Dubai:  The Palestinian economy is likely to face gloomy prospects in 2010 unless collective actions are taken by the Palestinian National Authority, Israeli government and the donor community, an International Monetary Fund (IMF) report concluded.

The report, which was released yesterday, particularly mentioned the improvised and besieged Gaza Strip.
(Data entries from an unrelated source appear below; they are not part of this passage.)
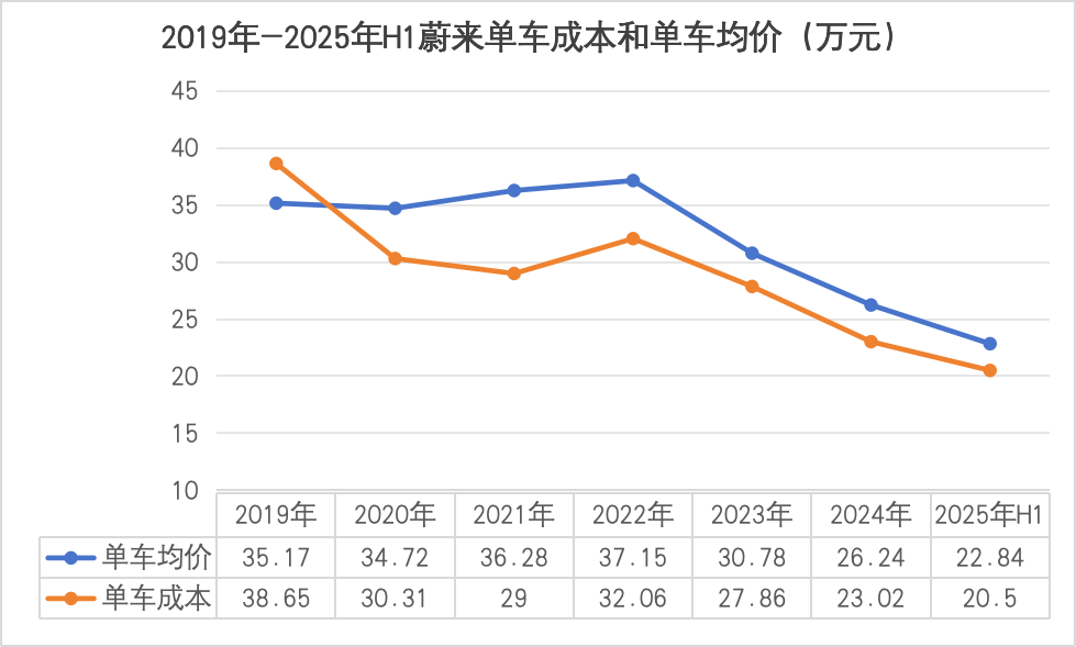 2021~2022年,全球锂、钴、镍等原材料价格暴涨,碳酸锂价格从2020年的4.56万元/吨飙升至2022年的48.21万元/吨,直接推高电池包成本,导致蔚来单车成本从2020年的30.31万元上升至2022年的32.06万元,上升约1.75万元。2023年以后,碳酸锂价格虽一路暴跌,但蔚来单车成本的下降幅度不及单车均价的降幅。2022年至2025年H1,蔚来单车成本下降约11.56万元,单车均价下降约14.31万元。
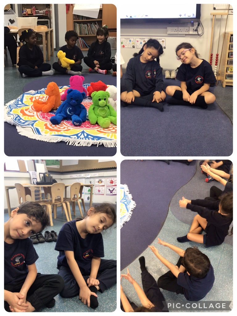 What are you grateful for? Children had a chance to talk about the things that they are grateful for. Coming to school , my sisters and brothers, football and going to the park was just a few answers we had. We then did some stretches and breathing techniques to get us started.
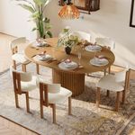 Cotton Linen Walnut Color Engineered Wood Dining Room Set
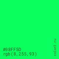 Цвет #08FF5D в цветовой модели RGB обозначается тремя октетами (8, 255, 93) в десятичном формате и #08FF5D в шестнадцатиричном (hex) формате, которые являются интенсивностью красного 8 (hex 08), интенсивность зелёного 255 (hex FF) и интенсивность синего 93 (hex 5D).
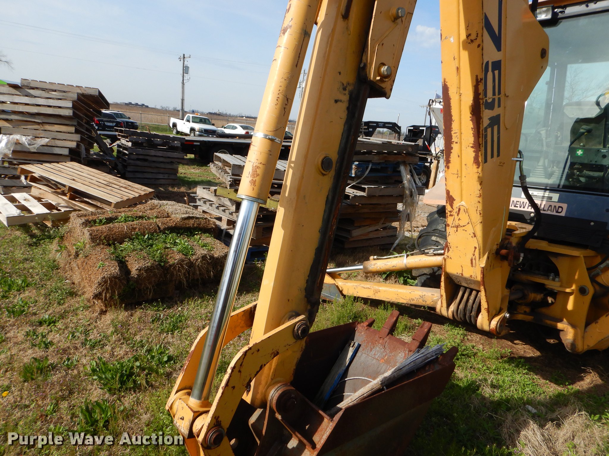 Purple Wave is selling a used Tractor Loader Backhoe in Oklahoma. This item is a 1996 New Holland 575E backhoe with the following: 3,385 hours on meter, New Holland four cylinder diesel engine, Powershift transmission, 4F-4R gears, Four wheel drive, Enclosed cab, AC and heat, Wobble stick backhoe controls, 72"W loader bucket, Bolt-on cutting edge, Extendable stick, 23"W backhoe bucket, (2) teeth, 12-16.5 front tires, 19.5L-24 rear tires, Possible fuel pump issues, Unknown operating condition, Serial 03101978

It stressed the need to lift the three-year-old Israeli blockade on Gaza in order to maintain the macroeconomic improvement recorded in the Palestinian territories, mainly the West Bank, in 2009.

However, "in Gaza conditions remain difficult due to the blockade", including the restrictions on capital inputs, raw and building materials to the strip which have impeded the post-war private sector and the reconstruction efforts, said the report entitled Macroeconomic and Fiscal Framework for the West Bank and Gaza: Fifth Review of Progress.

Steps needed

"Real GDP in the West Bank and Gaza is estimated (in 2009) at 6.8 per cent, consisting of an estimated 8.5 per cent growth in the West Bank and 1 per cent in Gaza," the report said.

"Concerted" steps needed to support the Palestinian economy, mainly "a steady removal of remaining obstacles on movement and access in the West Bank" including Palestinians' access to areas that are totally under Israeli control, such as border areas with both Jordan and Israel as well as main roads in the West Bank.

Among the other steps to maintain the Palestinian economy is the lifting of Gaza trade restrictions.

Second, the PA would continue with a "prudent" fiscal policy supported by institution-building measures, structural reforms and sound public expenditure management, as well as the continuation of the donors in providing "adequate and predictable financial assistance" for the current budget and public investment.

"Under the baseline scenario based on the above assumptions, real GDP growth would continue at about 7 per cent in 2010, and rise gradually to 10 per cent by 2012-13," the IMF report said.

Real income per capital would rise by about 6 per cent per year over the next three years, and unemployment rate would decline from 25 per cent in 2009 to 15 by 2013.

The recurring budget deficit would fall as a share from GDP from 22 per cent in 2009 to 6 per cent, which would give room for "a substantial rise in donor-financed public investment".

However, if no steps were taken to support the Palestinian economy, the "pessimistic" scenario expects the "real GDP growth will slow down to 5 per cent in 2010 and remains at around 4 per cent over the medium term."

In 2009, donor aid was estimated at about $1.35 billion (Dh4.95716 billion) compared to the recurrent budget's external financing requirements of $1.45 billion.

Spending lacking

Budget deficit would decline from 22 per cent to 18 per cent, report says According to the IMF report, development spending in 2009 is estimated at about $400 million (Dh1.46 million), well below the $1.1 billion envisaged in the budget (including $0.6 billion for Gaza reconstruction projects).

The recurrent budget deficit on a cash basis would decline as a share of GDP from about 22 per cent to 18 per cent.

According to the 2010 draft budget, the wage bill is envisaged to decline by 1.7 per cent of GDP, reflecting a ceiling for a general wage rate increase of 4 per cent, and a 2 per cent increase in employment owing to a net addition of 3,000 workers, mainly in the health and education sectors.